FIG 4.

Inactivation of Spt16 results in bidirectional cryptic transcription. (A) Schematic diagram for the identification of Spt16-suppressed noncoding transcripts (SNTs). (B) Overlap of SNTs with other previously annotated noncoding RNAs, cryptic unstable transcripts (CUTs) and stable unannotated transcripts (SUTs) from Xu et al. (38), Xrn1-sensitive unstable transcripts (XUTs) from van Dijk et al. (39), and Nrd1 unterminated transcripts (NUTs) from Schulz et al. (69). If an SNT shares more than 50% length with each known ncRNA, it would be counted as one that overlaps with the known ncRNAs. (C) SNTs are produced by RNA polymerase II. To compare the expression of each SNT in the WT, spt16(G132D), rpb1-1, and spt16(G132D) rpb1-1 mutant cells, the log₂ ratio of the RPKM of the individual SNTs at 37°C for 45 min (T45) over 0 min (T0) [log₂(T45/T0)] was calculated and plotted using a dot-box plot. Each dot represents one SNT. (D) An SNT overlapping with YLR241W shows increased SNT transcripts in the spt16(G132D) mutant cells at T45 compared to T0 in both the sense and antisense directions. RNA-seq reads for the Watson strand and Crick strand are shown. (E and F) Both antisense and sense noncoding transcripts increase at ORFs that overlapped SNTs.

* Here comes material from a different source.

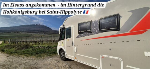 Am späteren Nachmittag komme ich wohlbehalten im Elsass an und steuere einen Stellplatz mitten in den Weinbergen an, welchen ich genau vor 1 Jahr hier entdeckt habe. Dieser ist knapp oberhalb der Ortschaft Saint-Hippolyte mit einem schönen Blick auf die „Hohkönigsburg“, welche ich letztes Jahr besichtigt habe. Ein toller, ruhiger Platz an dem schon 4 weitere Camper stehen. Ich belege den letzten freien Platz direkt neben Weinreben, mache noch ein bisschen sauber und lasse den erfolgreichen Tag ausklingen.

The yeast ORFs were separated into two groups based on whether they overlapped an SNT. Antisense (E) and sense (F) of RNA-Seq reads of ORFs that overlapped SNTs were calculated and plotted from 500 bp upstream TSS to 500 bp downstream TES. The results for ORFs without overlapped SNTs are presented in Fig. S7 in the supplemental material. Red (T0, 25°C) and green lines (T45, 37°C) represent treatments at two different temperatures. (G) A model for the generation of noncoding transcripts through bidirectional cryptic transcription in the spt16(G132D) mutant cells. It is likely that SNT initiates transcription at multiple start sites and thus generates the SNT transcripts shown in panels E and F.